(LISTED RECORDS):

● ● ● ● ●

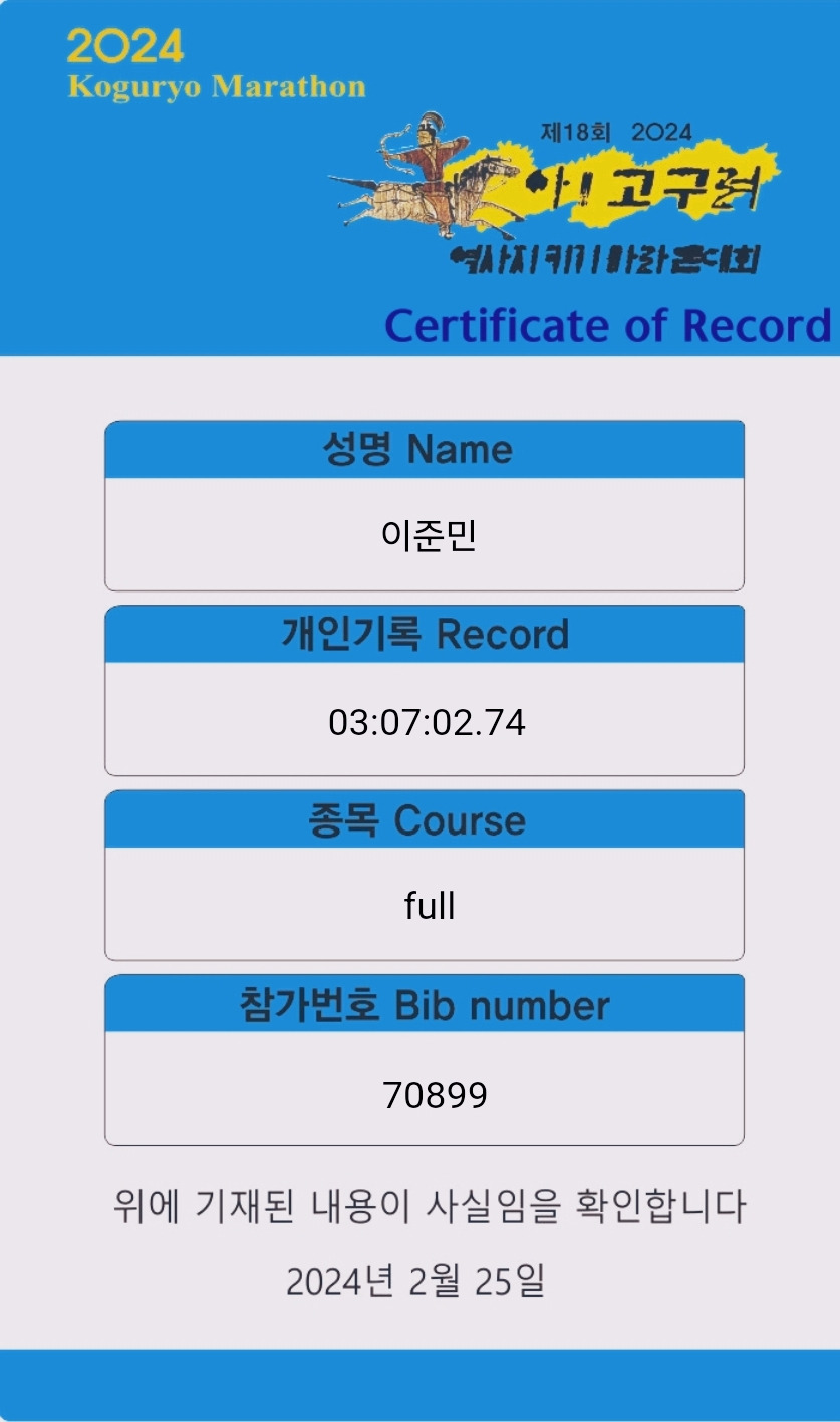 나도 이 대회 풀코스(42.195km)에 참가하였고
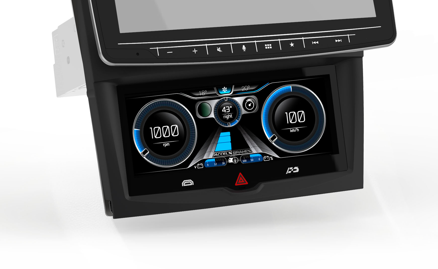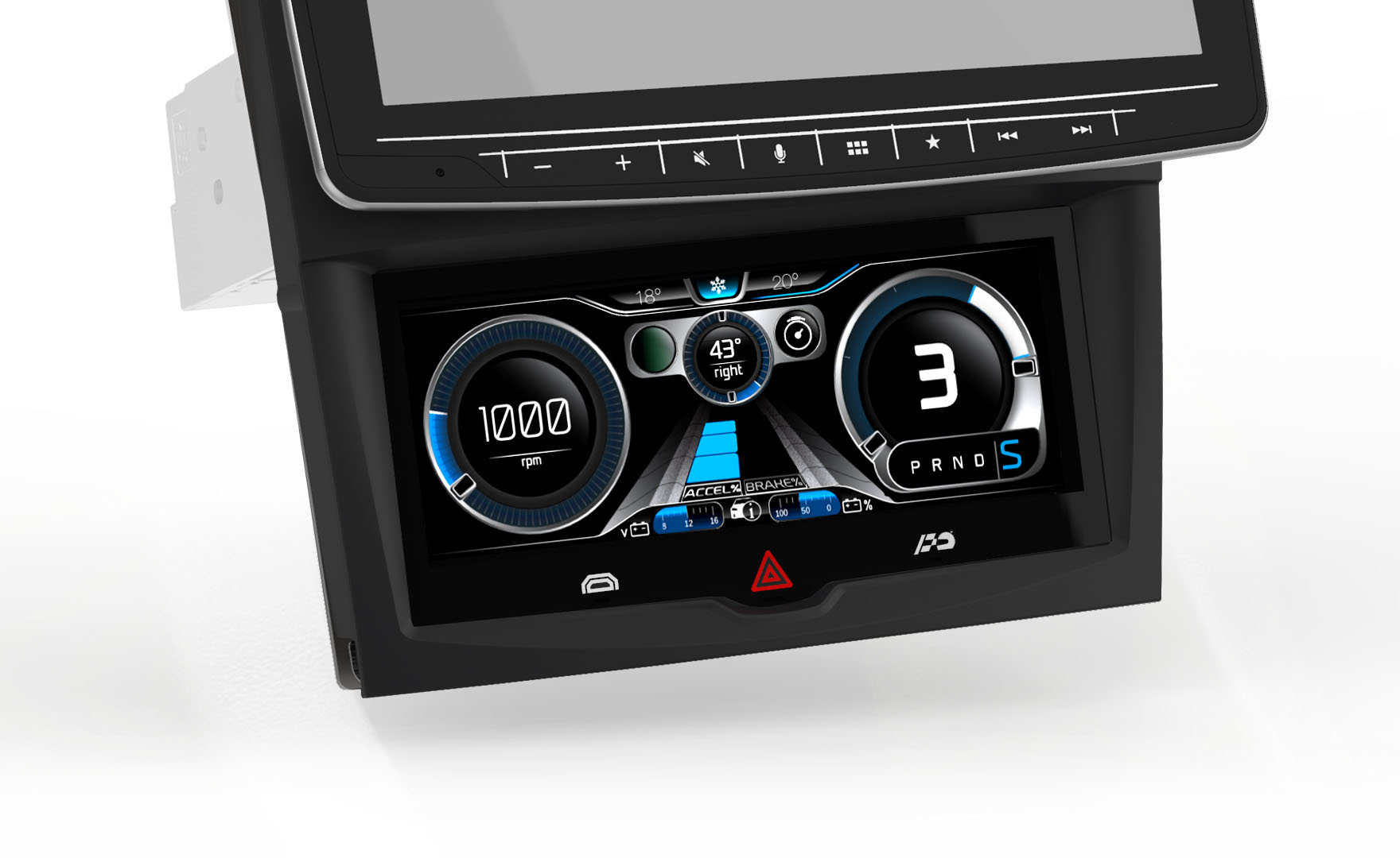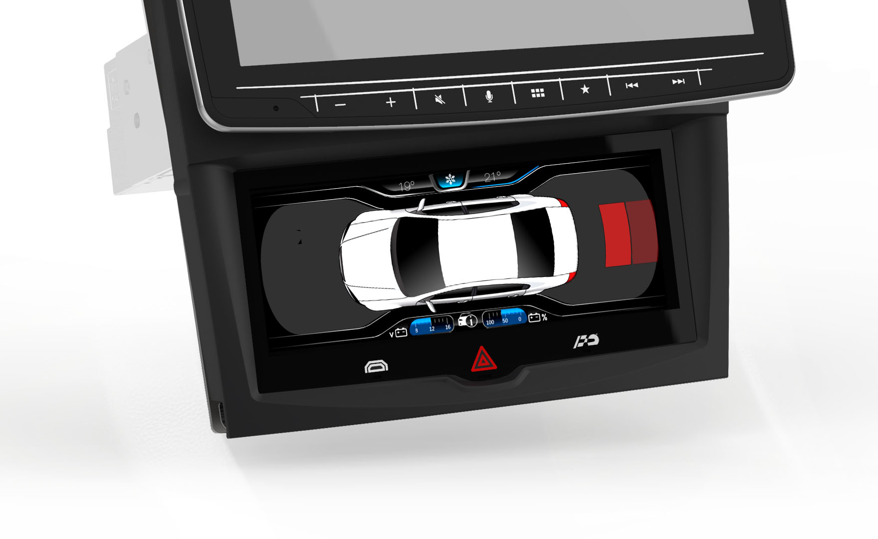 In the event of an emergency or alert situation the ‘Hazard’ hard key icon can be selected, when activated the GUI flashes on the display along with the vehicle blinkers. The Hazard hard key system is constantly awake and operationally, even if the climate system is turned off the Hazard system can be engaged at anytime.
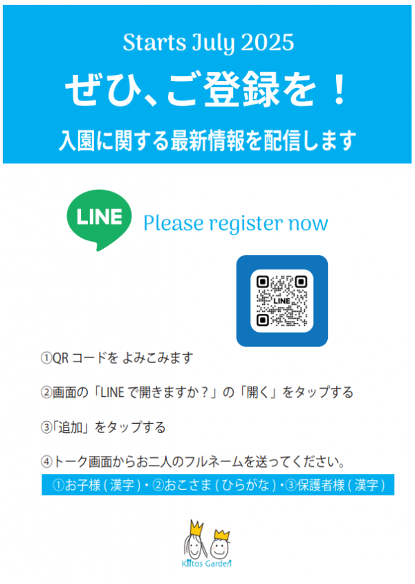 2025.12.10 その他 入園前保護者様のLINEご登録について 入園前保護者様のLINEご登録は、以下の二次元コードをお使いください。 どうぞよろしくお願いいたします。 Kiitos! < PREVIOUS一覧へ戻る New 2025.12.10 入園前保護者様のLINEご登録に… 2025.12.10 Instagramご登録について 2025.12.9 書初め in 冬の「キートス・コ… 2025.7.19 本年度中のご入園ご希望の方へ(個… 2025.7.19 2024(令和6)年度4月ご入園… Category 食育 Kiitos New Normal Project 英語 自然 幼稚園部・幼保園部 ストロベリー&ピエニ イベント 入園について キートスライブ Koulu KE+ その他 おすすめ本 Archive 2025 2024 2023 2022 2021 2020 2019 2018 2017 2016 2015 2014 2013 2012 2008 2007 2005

● ● ● ● ●

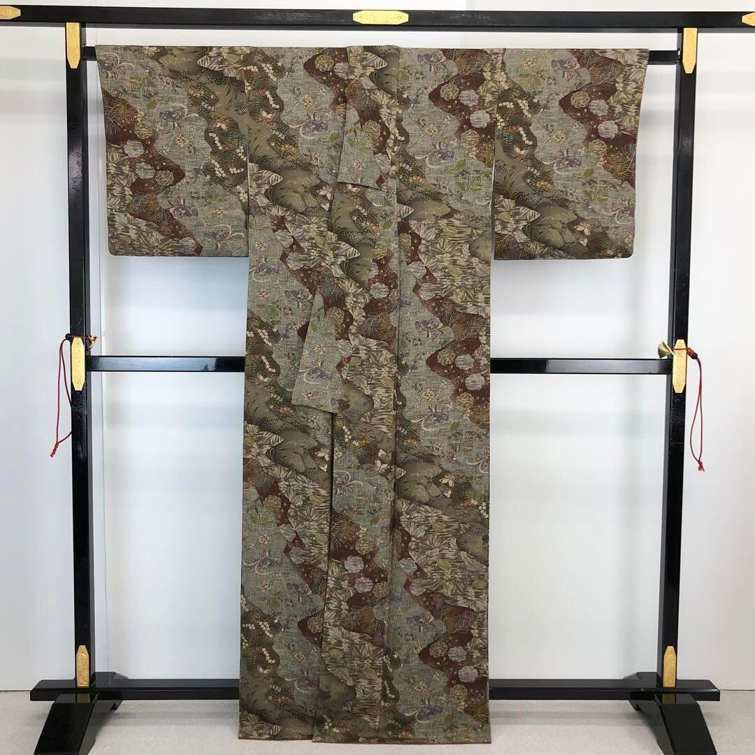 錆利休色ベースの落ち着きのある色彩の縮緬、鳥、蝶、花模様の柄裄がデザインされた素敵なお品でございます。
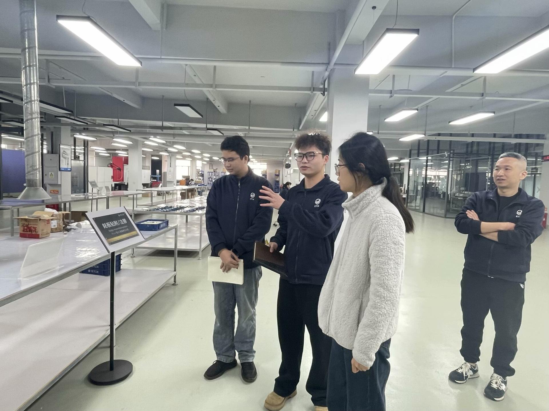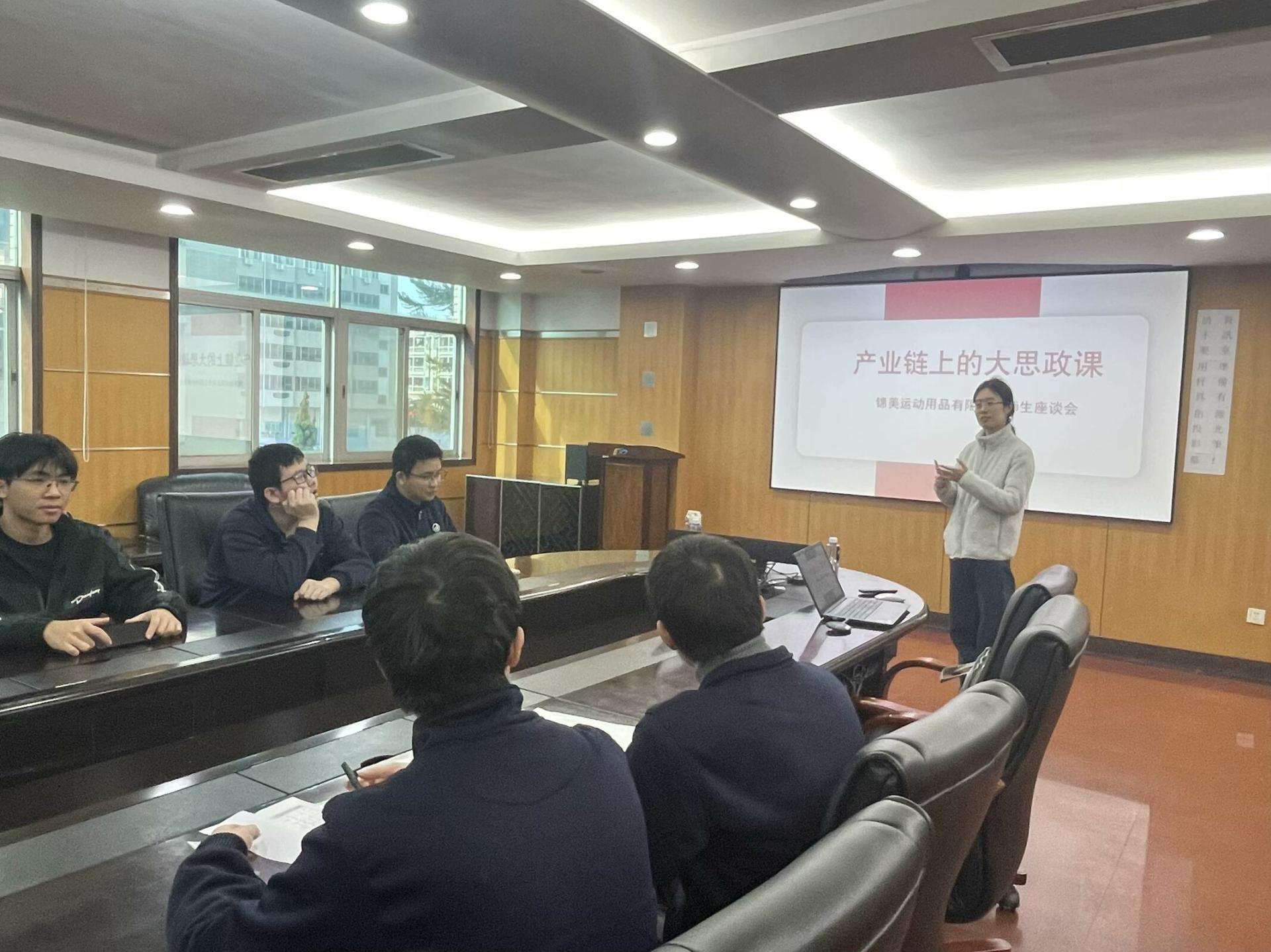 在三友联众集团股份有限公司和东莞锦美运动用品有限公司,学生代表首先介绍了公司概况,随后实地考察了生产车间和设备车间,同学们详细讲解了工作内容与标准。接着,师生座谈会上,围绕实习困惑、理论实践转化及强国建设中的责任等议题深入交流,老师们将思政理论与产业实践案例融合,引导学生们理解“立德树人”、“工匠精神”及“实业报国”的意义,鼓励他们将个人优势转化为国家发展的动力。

● ● ● ● ●

(ABOUT THIS TASK): Write back the stretch of lines above that begins with the line holding "나도 이 대회 풀코스(42.195km)에 참가하였고" and ends with the line holding "2025.12.10 その他 入園前保護者様のLINEご登録について", both included, exactly as written. Pictures stay out.

(EXERCISE RESPONSE):
 나도 이 대회 풀코스(42.195km)에 참가하였고
 In the event of an emergency or alert situation the ‘Hazard’ hard key icon can be selected, when activated the GUI flashes on the display along with the vehicle blinkers. The Hazard hard key system is constantly awake and operationally, even if the climate system is turned off the Hazard system can be engaged at anytime.
 2025.12.10 その他 入園前保護者様のLINEご登録について 入園前保護者様のLINEご登録は、以下の二次元コードをお使いください。 どうぞよろしくお願いいたします。 Kiitos! < PREVIOUS一覧へ戻る New 2025.12.10 入園前保護者様のLINEご登録に… 2025.12.10 Instagramご登録について 2025.12.9 書初め in 冬の「キートス・コ… 2025.7.19 本年度中のご入園ご希望の方へ(個… 2025.7.19 2024(令和6)年度4月ご入園… Category 食育 Kiitos New Normal Project 英語 自然 幼稚園部・幼保園部 ストロベリー&ピエニ イベント 入園について キートスライブ Koulu KE+ その他 おすすめ本 Archive 2025 2024 2023 2022 2021 2020 2019 2018 2017 2016 2015 2014 2013 2012 2008 2007 2005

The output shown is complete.